### Exercise brief
Beginning at the line that contains "Cross Rhinestone Chain" and finishing at the line that contains "Colgante Evil Eye", output the data below exactly. Include both end lines and no pictures.

### Dataset excerpts
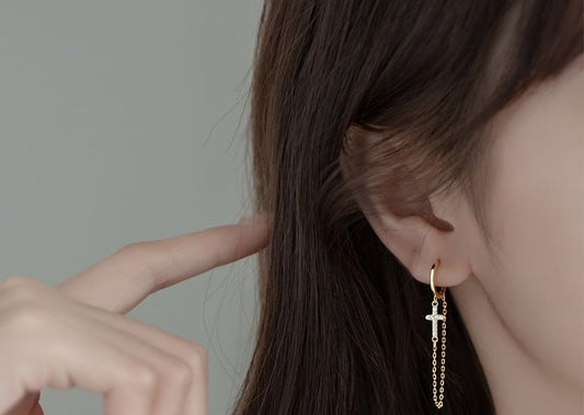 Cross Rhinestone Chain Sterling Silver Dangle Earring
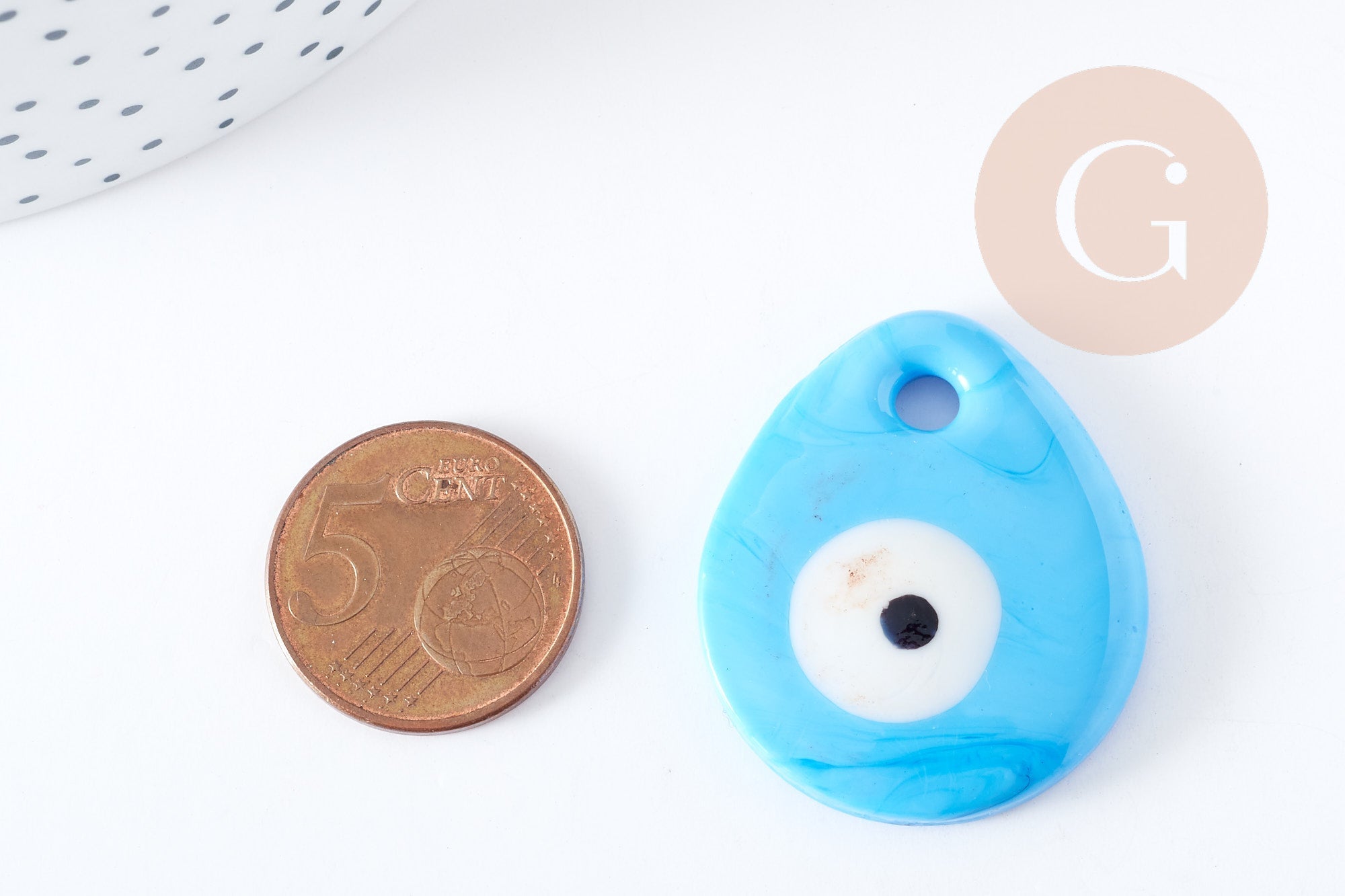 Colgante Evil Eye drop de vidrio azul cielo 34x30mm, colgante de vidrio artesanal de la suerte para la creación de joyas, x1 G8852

---

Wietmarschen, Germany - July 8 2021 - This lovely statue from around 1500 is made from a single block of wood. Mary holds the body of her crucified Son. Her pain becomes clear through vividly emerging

### Completed task
 Cross Rhinestone Chain Sterling Silver Dangle Earring
 Colgante Evil Eye drop de vidrio azul cielo 34x30mm, colgante de vidrio artesanal de la suerte para la creación de joyas, x1 G8852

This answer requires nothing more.